Data extracted from a collection:
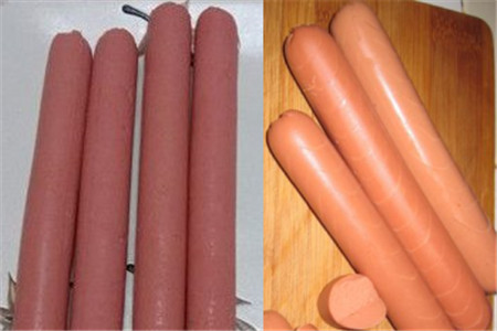 第一步:我们把买来的火腿肠包装撕掉,然后用刀在火腿肠上面划出一道一道的刀口,注意刀口不要划得太大,不然炸的时候容易炸烂。
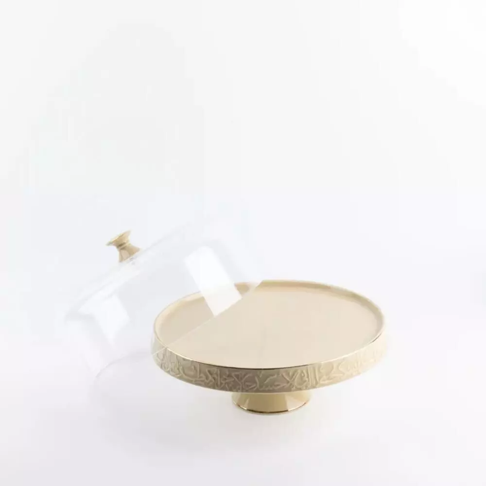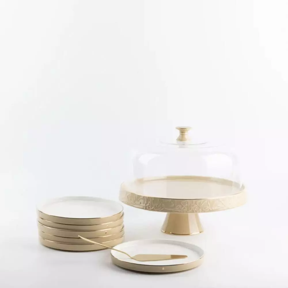 | يتضمن الطقم | 1 حامل كيك - 1 غطاء - 6 اطباق تقديم - 1 سكينة لتقطيع وحمل للكيك |
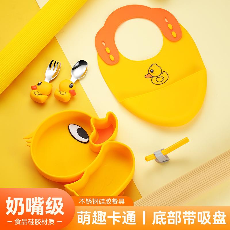Set de plato de cena de silicona de patito amarillo
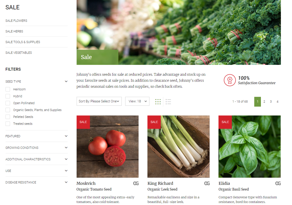 As a semi-regular customer at Johnny’s Seeds, there is a slight biased towards the website’s design; my first time shopping there was quick and easy, despite knowing little about gardening at the time. The shop has two filter areas and listed items are accompanied by short descriptions. The menu prioritizes purchase options, leaving pages like the about section in the footer.
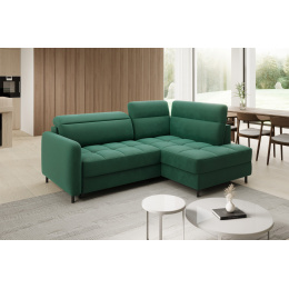 The Barea corner sofa is an elegant and functional piece of furniture measuring 208x160x100 cm, equipped with adjustable headrests and metal black legs with a height of 10 cm. Its solid construction made from high-quality materials ensures durability, and the carefully contoured seat and backrest guarantee comfort and proper support for the back. The modern design of the Barea corner sofa makes it a perfect fit for both minimalist and more sophisticated interior arrangements. Available in various fabric and color options, it is both aesthetic and functional, ideal for everyday relaxation and entertaining guests.

▸ Exercise description
Set down the data above exactly as written. Omit the pictures.

▸ Task result
 第一步:我们把买来的火腿肠包装撕掉,然后用刀在火腿肠上面划出一道一道的刀口,注意刀口不要划得太大,不然炸的时候容易炸烂。
 | يتضمن الطقم | 1 حامل كيك - 1 غطاء - 6 اطباق تقديم - 1 سكينة لتقطيع وحمل للكيك |
Set de plato de cena de silicona de patito amarillo
 As a semi-regular customer at Johnny’s Seeds, there is a slight biased towards the website’s design; my first time shopping there was quick and easy, despite knowing little about gardening at the time. The shop has two filter areas and listed items are accompanied by short descriptions. The menu prioritizes purchase options, leaving pages like the about section in the footer.
 The Barea corner sofa is an elegant and functional piece of furniture measuring 208x160x100 cm, equipped with adjustable headrests and metal black legs with a height of 10 cm. Its solid construction made from high-quality materials ensures durability, and the carefully contoured seat and backrest guarantee comfort and proper support for the back. The modern design of the Barea corner sofa makes it a perfect fit for both minimalist and more sophisticated interior arrangements. Available in various fabric and color options, it is both aesthetic and functional, ideal for everyday relaxation and entertaining guests.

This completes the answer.